Wednesday, October 29, 2008

The Hideous and Appalling Violence and Tactics Colombia's Paramilitary Groups Employ

I have written several times before about how paramilitary groups are responsible for a not-insignificant amount violence in Colombia. This article shows just how repulsive and appalling the paramilitaries' tactics are:

Prosecutors and human rights researchers are investigating hundreds of such deaths and disappearances, contending that Colombia’s security forces are increasingly murdering civilians and making it look as if they were killed in combat, often by planting weapons by the bodies or dressing the corpses in guerrilla fatigues.
With soldiers under intense pressure in recent years to register combat kills to earn promotions and benefits like time off and extra pay, reports of civilian killings are climbing, prosecutors and researchers say, pointing to a grisly facet of Colombia’s long internal war against leftist insurgencies.
The deaths have called into question the depth of Colombia’s recent strides against the rebel Revolutionary Armed Forces of Colombia, or FARC, and have begun to haunt the nation’s military hierarchy.

The whole article is depressing, but must be read. The U.S. tacitly supports these tactics via its financial support for the Uribe administration and its funding in the "drug war," whose funds often end up in the hands of these paramilitaries. Additionally, the complete failure to categorize such tactics as "terrorist" simply because Colombia is the U.S.'s biggest ally in the region, while nothing new, is no less inexcusable.

And then there's the issue of Uribe's leadership. He can insist he has nothing to do with these groups, and make public demonstrations of his "intolerance" for such actions, but they ring hollow, considering how closely paramilitary groups have been tied to Uribe's administration and friends, allies, and cabinet members.
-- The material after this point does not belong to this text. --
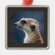 Este meerkat bonito e brincalhão adoraria um lugar bem na sua árvore de Natal. Meerkats são nativos de desertos e prados. Os seus pêlos rochosos, listrados, rostos pequenos, pontiagudos e grandes olhos dão-lhes um aspecto distintivo. A imagem está rodeada de um castanho esticado e emoldurada em metal prateado. As costas são todas metálicas.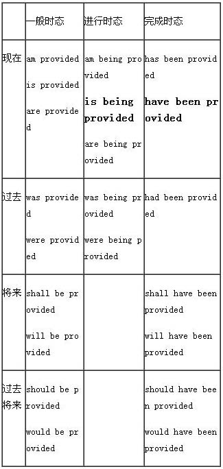 被動語態是由be (助動詞)+過去分詞(及物動詞)構成。be隨主語的人稱、時態和數的不同而變化。現將被動語態的各種時態形式列表如下(以provide為例)

This is in no way an apologia for the FARC or its actions; still, it has become increasingly clear of late that the FARC is far from the sole responsible agent for the civil war that plagues Colombia, and at times it seems the paramilitary groups are willing to go even further than the FARC in their "war." It's things like this that make me suspect that the disappearance of the FARC would not lead to the disappearance of violence in Colombia, in spite of what many both in and outside of Colombia may believe. As long as these groups act with relative impunity, and as long as there is a president who is unwilling to go after these groups in anything but a symbolic fashion when things get too appalling, there just doesn't seem to be a lot of hope to me that the violence in Colombia will go down anytime soon.